Jaime Lannister e Bronn, via HBO.

Em Game of Thrones, que vem mostrando cada vez mais o bem vencendo o mal, fiquei bastante confuso em para quem torcer no último episódio. Meus sentimentos eram bem básicos racionalmente – eu realmente me importava com os dois lados, como vou explicar abaixo através dos personagens principais mostrados no conflito aberto.

Mas primeiro entenda que esse sentimento não vem com frequência em situações assim. Cenas de guerra no entretenimento raramente usam paletas de cores tridimensionais. Elas geralmente vêm num preto e branco preguiçoso – a visão previsível de bom contra o mau. Por isso filmes de guerra como propaganda são um sucesso. ( Sniper Americano me vem à mente.) Eles colocam uma diferença clara entre os dois lados e empurram o espectador para um deles – selvagem vs. civilizado, patriota vs. terrorista, a luz vs. o lado negro.

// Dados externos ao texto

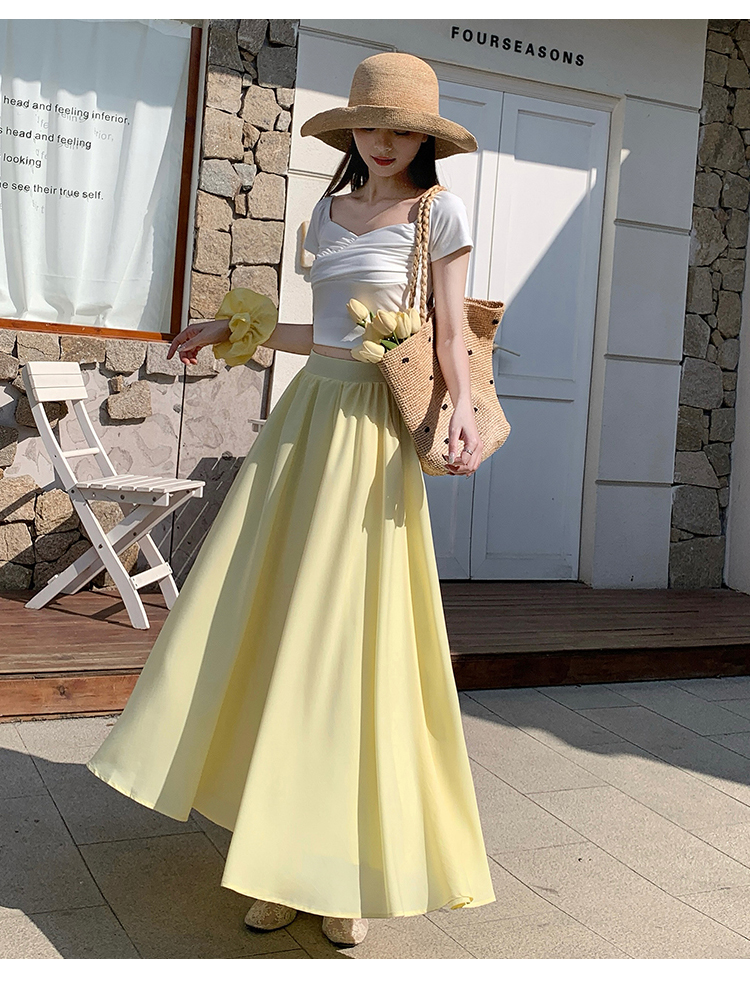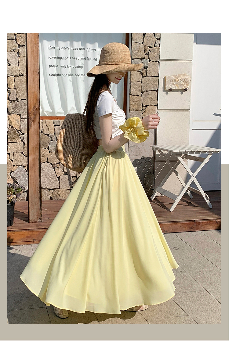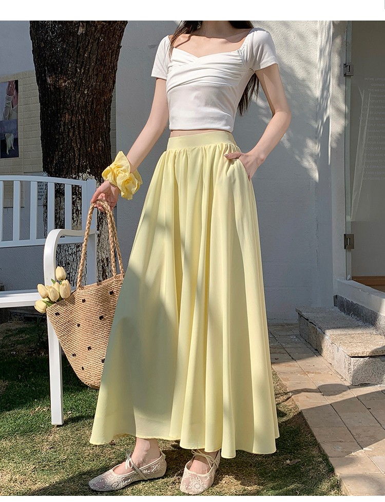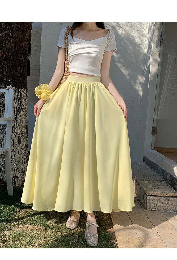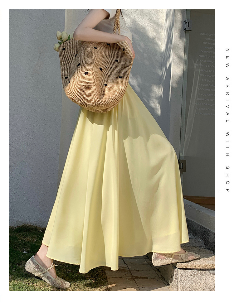 鹅黄色法式半身裙女2026春高腰显瘦a字赫本风伞裙多巴胺大摆长裙

O último episódio de Game of Thrones jogou uma chave-inglesa nessa velha engrenagem e ilustrou os tons de cinza da guerra quase perfeitamente. Em se tratando de conflitos mostrados na tela, mesmo em títulos importantes como O Resgate do Soldado Ryan, Coração Valente, Corações de Ferro ou até Star Wars, os filmes têm muita dificuldade para mostrar os sentimentos tridimensionais que você esperaria das imagens reais da guerra, em vez disso focando em apenas um lado. Stalingrado – A Batalha Final, é um filme que consegue usar isso como uma condenação geral da guerra. O filme foca num grupo de soldados nazistas (os vilões) lutando contra a força muito maior russa por causa da obsessão de Hitler em tomar a ilustre cidade. Os soldados questionam o propósito de estar ali, algo similar às disputas sobre o Vietnã em filmes como Apocalypse Now e Nascido Para Matar.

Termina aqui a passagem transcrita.